Well, we were going to have a live in guest for a while who was really going to need a a good LAN, and I had doubts about my router handling all the traffic well. So I went ahead and splurged on the Asus RT88U, if I recall the model correctly, but it was quite expensive. This class of router can handle several of my TiVo streams on my DVR and Mini's, multiple streams to tablets or other mobile devices such as phones, slinging out of home to family who want to watch content that I have that they couldn't get, downloads to the dish DVR, and superb picture quality using the Slingbox on my big fat 55in TV, and it doesn't get too hot either. All my other problems were solved, and I always got great high quality pictures on all my streams including Slingbox and the old TiVo app on firetv, although the old TiVo app on firetv had a quirk that sometimes it would not stream in high-quality but it wasn't my network it was the stupid app because I discovered a workaround to that particular quirk, but never any problems with any of the other devices. I never have to think about my router, and I'm never reminded I have a router whenever I stream and watch stuff. Everything just works with high-quality picture.

I don't know your network, maybe it's great, but I'm just thinking that maybe the poor quality you're experiencing on the Slingbox maybe just be your network, or more specifically the router. One of the reasons TiVo keeps telling people to use MoCA rather than the home network is because most people have rotten home networks that will give poor or inconsistent results using tivo's and client Mini's.

Anyway, I really do believe that one of the reasons I'm getting outstanding picture quality with Slingbox on My LAN is because of the router and that also affects the quality coming out of the house Upstream to the remote viewing place, as well. in short I get really great picture quality from every device on the LAN and it is in great part to the router and to a some degree that my LAN is all gigabit, so there's plenty of Headroom.

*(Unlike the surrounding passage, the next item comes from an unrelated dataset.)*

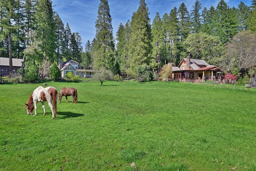 The Historic Katydid Ranch is a private ranch located in a sunny Micro-climate of the beautiful Southern Oregon Cascade Mountains. Two custom homes and a guest house make this stunning property a one of a kind gem. Enjoy a refreshing country lifestyle for a multi-familly homestead, a retreat, or use for vacation rental income. Two custom homes, and charming small-town culture. With two large spring-fed ponds and open meadows, miles of groomed trails, wildflowers and wildlife, duck ponds, protected woodlands, old growth timber,, and majestic mountain views. Unspoiled nature is at its best The ranch is rich with natural beauty and versatility. Endless potential all within your dream’s reach horses and trail-riding, vegetable/herb gardening, a barn-yard farm with your own chickens, multi-generational or two-family life style, retreats for writers, artists, corporate, hosting vacation rentals, raising your own livestock, glamping & camping, conservation interests, summer camps for kiddos or adults, hosting weddings, disc or fling-golf, winter snow fun, fishing in the spring-fed ponds, star-gazing in wide open skies, growing grapes or whatever your dream is made of this is an unmatched setting to fullfill the dream. Abundant water sources make this property ideal for the multitude of wildlife that inhabit it. Elk, deer, rabbits, wild turkeys, and a great horned owl among others are regular residents of the meadows providing hours of viewing enjoyment and often entertainment as well. Not only does Katydid Ranch enjoy a sunny micro-climate which means much less rain than one might expect of Oregon, it also produces a rich and vibrant light environment favored by Landscape and Pleine Air artists. The soil is rich with humus and the south facing meadows are ideal for gardens or vineyards. Offering secluded tranquility yet close to amenities and everyday necessities. Approximately 2.3 miles west of the little town of Prospect (cafes, a charter school, historic hotel, market and country bar), 1 mile to the Rogue River (famous for fishing, rafting and waterfalls), 10 minutes to Lost Creek Lake recreation, 24 miles to the breathtaking Crater Lake National Park. Roughly 50 minutes on the beautiful Rogue-Umpqua Scenic byway, Crater Lake Hwy, takes you to Medford and the Rogue Valley International Airport. The Prospect State Airport used for private jet & charter flights is roughly 3 miles close. PROPERTY FEATURES The gently winding driveway of Katydid Road opens up to your own private paradise of two custom homes, a guest home, workshop, studio, barn and outbuildings. Tranquility, nature, and wildlife abound on this 95.46 acre property. Katydid Home: Opening through the trees you come across the first meticulously renovated custom Craftsman-style Katydid home boasting roughly 3000 sqft of living space. Situated with stunning views of distant mountains and an expansive spring-fed and irrigated meadow. Mature landscaping and fruit trees surround the home and doug-fir framed windows are designed for wildlife viewing. Katydid is a 3 bed, 2.5 bath, American Craftsman home and has been renovated with attention to original detail. The artwork of traditional Craftsman clinker-brick and column stairway leads to the spectacular covered porch and front door. Craftsmanship shines throughout from doug-fir wrapped casement double-pane and transom windows to art-glass lighting, venetian plaster walls, and an art-tiled surround fire place. The Katydid Home is heated and cooled by the earth with full floor geothermal renewable energy providing gentle cozy warmth in colder months and cools the house during warmer summers. Whole-house sound brings favorite music throughout the house and exterior porches as well. A serene and spacious main-level primary bedroom with vaulted ceilings and a luxurious large ensuite bathroom will become your private retreat. The spa-like bathroom with gorgeous dual roll-in showers, a jetted two-person jacuzzi, and two walk-in closets with built-ins, creates the ultimate blend of convenience and tranquility. The bedroom windows are designed for both starry night and meadow viewing. French doors framed with transoms lead to a brick patio. The bedroom adjoins the sun-room through french doors and is situated perfectly to take in an expansive view of meadow wildlife. The living room and dining area charms with 9-foot ceilings, venetian plaster walls, picture rails art-glass lighting and a custom tiled wood-burning fireplace. The spacious gourmet kitchen is perfect for social gatherings and features an 8 ft. island with gas range top and dual oven. Plentiful custom knotty alder and pine cabinetry with soft-close drawers, granite and wood counter tops, a built-in china and linen cabinet as well as a breakfast area create a wonderful work space for comfort and ease. Keeping with the home’s theme, the windows overlook lawn, lush gardens, and park-like woodlands. The unique fresh-air Sleeping Porch is a throw-back to early days when sleeping out of doors was thought to cure most ailments. Today, its a special space for a tranquil good night’s sleep, lazy afternoon nap or morning breakfast. Upstairs, a lovely second and third bedroom are reminiscent of early charm with built in dresser, cabinetry and closets. The unique step-down bathroom features the original clawfoot champagne-length tub, warm tiled floors and pedestal sink. A traditional mudroom with hooks and closet house outer-wear, shoes, hats, and boots for rainy days, and a large flex-room serves as laundry, pantry, and exercise room. The Katydid home is surrounded by beautiful lawns and gardens and is perfect for large family gatherings and entertaining. Meadow Home: The second home the Meadow House is a 2406 ., 2 bed, 2 bath, plus a versatile loft. The fully renovated Craftsman home sits between meadow and woodlands offering a perfect combination of sun and shade for the beautiful wrap-around porch. Upon entering the home, a grand hallw

Also, are you also are you using the Slingbox 500 or the M1 or M2. I believe those models do you perform the best or at least they have the best specs. I've read postings that the Legacy models seem to occasionally suffer for what your experiencing, but not the latest models. well I hope you managed to get better picture quality out of your Slingbox.


----------



## mdavej (Aug 13, 2015)

Appreciate the advice. My 350 gives me a very good picture which I'm quite happy with. It's just not exactly the same as the source. My network performance is solid, and stream is pegged at Best quality on my LAN. I notice the slight judder/tearing only for a split second on scene changes or pans. Not a big deal. I only use my Sling when in foreign countries, which is only occasionally. But when I do travel it's usually for long periods, a few months at a time. If I'm in the US, I don't need to sling as I can get most everything on demand or with the Tivo app.


----------



## nuraman00 (Dec 28, 2012)

Series3Sub said:


> No, it does not cast from the phone. It instructs your Roku to make it direct connection to the Slingbox via the internet connection with the Roku, something like using a URL to connect-- your phone does not cast the video. However your phone does become the remote control for the Slingbox on Roku. the video you see through your Roku is the Roku connecting to the Slingbox using the Roku internet connection, not your phone.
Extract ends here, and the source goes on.